Work instructions: Below are some records. Write out exactly their lines from the one with "Step inside the" through the one with "The Supreme x", and leave the pictures behind.

Information supplied:
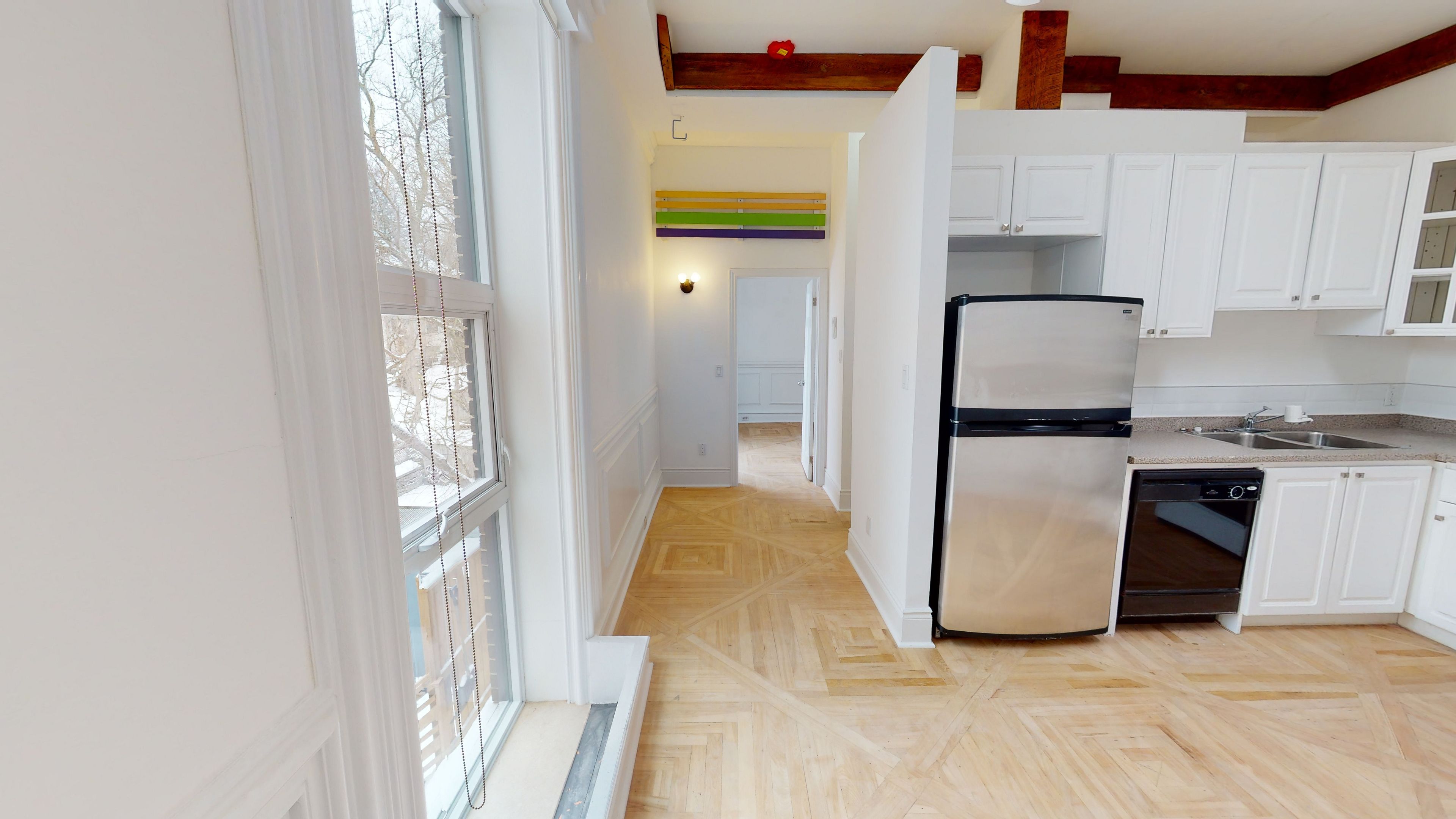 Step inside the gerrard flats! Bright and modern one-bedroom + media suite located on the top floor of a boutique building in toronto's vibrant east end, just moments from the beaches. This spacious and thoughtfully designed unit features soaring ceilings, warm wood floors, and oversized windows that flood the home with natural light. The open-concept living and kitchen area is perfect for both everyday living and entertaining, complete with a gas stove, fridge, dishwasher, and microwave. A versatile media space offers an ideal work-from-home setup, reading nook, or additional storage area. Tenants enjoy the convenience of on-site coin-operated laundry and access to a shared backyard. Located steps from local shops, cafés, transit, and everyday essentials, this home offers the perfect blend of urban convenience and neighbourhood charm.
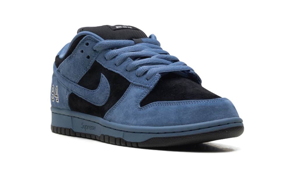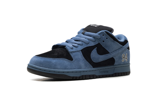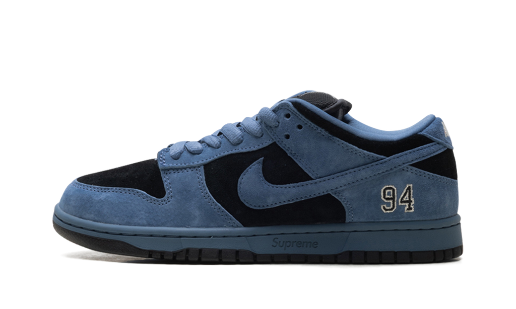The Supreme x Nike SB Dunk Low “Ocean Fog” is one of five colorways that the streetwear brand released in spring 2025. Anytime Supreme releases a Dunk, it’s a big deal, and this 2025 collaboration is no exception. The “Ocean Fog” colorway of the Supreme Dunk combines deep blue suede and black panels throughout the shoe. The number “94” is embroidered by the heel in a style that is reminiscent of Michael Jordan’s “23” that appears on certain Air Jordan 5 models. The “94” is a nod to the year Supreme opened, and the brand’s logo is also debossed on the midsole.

--

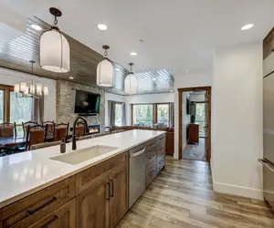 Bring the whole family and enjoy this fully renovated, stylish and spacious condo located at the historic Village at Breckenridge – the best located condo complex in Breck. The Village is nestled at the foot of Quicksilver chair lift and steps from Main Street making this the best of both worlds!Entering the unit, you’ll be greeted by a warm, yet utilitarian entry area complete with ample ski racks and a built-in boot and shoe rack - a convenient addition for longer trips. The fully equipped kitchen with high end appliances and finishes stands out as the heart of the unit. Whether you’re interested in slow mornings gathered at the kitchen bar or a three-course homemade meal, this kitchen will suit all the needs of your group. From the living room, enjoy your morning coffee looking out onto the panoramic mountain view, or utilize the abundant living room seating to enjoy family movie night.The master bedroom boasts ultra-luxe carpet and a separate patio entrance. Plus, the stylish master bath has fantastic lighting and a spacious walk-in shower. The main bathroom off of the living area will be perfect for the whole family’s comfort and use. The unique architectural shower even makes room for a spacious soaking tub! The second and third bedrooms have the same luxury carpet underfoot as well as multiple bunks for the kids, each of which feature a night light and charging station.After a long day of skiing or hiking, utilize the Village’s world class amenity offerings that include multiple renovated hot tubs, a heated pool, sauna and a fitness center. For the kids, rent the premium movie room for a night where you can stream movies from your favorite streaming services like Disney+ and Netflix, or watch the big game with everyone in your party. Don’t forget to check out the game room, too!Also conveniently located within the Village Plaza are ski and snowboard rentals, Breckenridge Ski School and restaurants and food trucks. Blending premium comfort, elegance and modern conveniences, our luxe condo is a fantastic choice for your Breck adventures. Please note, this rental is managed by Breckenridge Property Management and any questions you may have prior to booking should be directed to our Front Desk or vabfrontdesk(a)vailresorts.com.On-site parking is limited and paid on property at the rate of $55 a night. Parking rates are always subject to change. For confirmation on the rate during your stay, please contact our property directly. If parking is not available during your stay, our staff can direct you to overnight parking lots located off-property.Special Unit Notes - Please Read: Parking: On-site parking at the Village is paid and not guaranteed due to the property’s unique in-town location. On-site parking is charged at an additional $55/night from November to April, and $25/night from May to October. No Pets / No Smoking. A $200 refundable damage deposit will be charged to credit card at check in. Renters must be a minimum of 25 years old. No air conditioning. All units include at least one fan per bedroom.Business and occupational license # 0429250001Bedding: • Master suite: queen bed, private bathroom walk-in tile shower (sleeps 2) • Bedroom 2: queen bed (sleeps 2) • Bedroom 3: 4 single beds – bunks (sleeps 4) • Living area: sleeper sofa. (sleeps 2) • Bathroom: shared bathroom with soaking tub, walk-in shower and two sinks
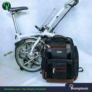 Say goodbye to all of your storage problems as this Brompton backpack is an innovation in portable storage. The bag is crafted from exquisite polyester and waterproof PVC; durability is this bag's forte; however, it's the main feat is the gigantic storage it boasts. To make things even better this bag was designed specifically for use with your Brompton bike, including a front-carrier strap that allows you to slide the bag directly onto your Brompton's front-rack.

Solution to this problem:
 Step inside the gerrard flats! Bright and modern one-bedroom + media suite located on the top floor of a boutique building in toronto's vibrant east end, just moments from the beaches. This spacious and thoughtfully designed unit features soaring ceilings, warm wood floors, and oversized windows that flood the home with natural light. The open-concept living and kitchen area is perfect for both everyday living and entertaining, complete with a gas stove, fridge, dishwasher, and microwave. A versatile media space offers an ideal work-from-home setup, reading nook, or additional storage area. Tenants enjoy the convenience of on-site coin-operated laundry and access to a shared backyard. Located steps from local shops, cafés, transit, and everyday essentials, this home offers the perfect blend of urban convenience and neighbourhood charm.
The Supreme x Nike SB Dunk Low “Ocean Fog” is one of five colorways that the streetwear brand released in spring 2025. Anytime Supreme releases a Dunk, it’s a big deal, and this 2025 collaboration is no exception. The “Ocean Fog” colorway of the Supreme Dunk combines deep blue suede and black panels throughout the shoe. The number “94” is embroidered by the heel in a style that is reminiscent of Michael Jordan’s “23” that appears on certain Air Jordan 5 models. The “94” is a nod to the year Supreme opened, and the brand’s logo is also debossed on the midsole.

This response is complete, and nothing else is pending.